Remember

April 2, 2026

Years ago, at First Presbyterian Church in Sarasota, we would occasionally celebrate a Passover Seder together as a congregation. A dear friend of mine, Cy Wofsy, who was Jewish, would help me lead it. It was one of the most meaningful things we did all year.

What Cy helped us see was something easy to miss: that the Last Supper — the night Jesus gathered with his disciples before he was arrested — was itself a Passover Seder. Jesus was not creating something entirely new that night. He was standing inside a story his people had been telling for over a thousand years. And he was saying: this story is about me. And now it is about you.

The connections between Passover and communion run deep — too many to trace here. But one thread connects them both at the root.

Remember.

In both, the people of God are invited not merely to know what happened, but to enact it. To tell the story again. To sing the songs. To say the prayers. To taste the bread and the cup and let the body remember what the mind sometimes forgets.

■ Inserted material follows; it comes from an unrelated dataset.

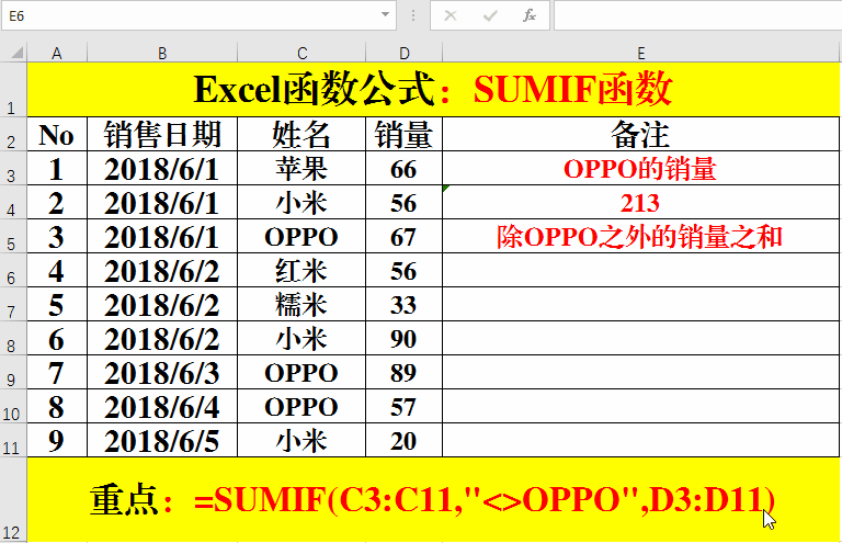 在目標(biāo)單元格中輸入公式:=SUMIF(C3:C11,"<>OPPO",D3:D11)。

There is profound wisdom in this. Because in the hardest moments of life — when we are frightened, or grieving, or lost — it is easy to forget. To lose the thread. To wonder whether God has been present at all.

And the ritual says: look back. Remember how you got here. Remember who has carried you.

The story of God's faithfulness does not begin today. It stretches back further than we can see. And we are standing inside it.

Prayer: Holy God, on this night we remember. We remember the Passover — your people delivered from bondage, carried through the wilderness, brought home. We remember Jesus at the table with his friends, taking the bread and the cup and giving himself. We remember the ways you have carried us through our own hard places — though we do not always stop to name them. Today we name them. We are grateful. And we trust that the grace that has carried us this far will carry us still. Amen.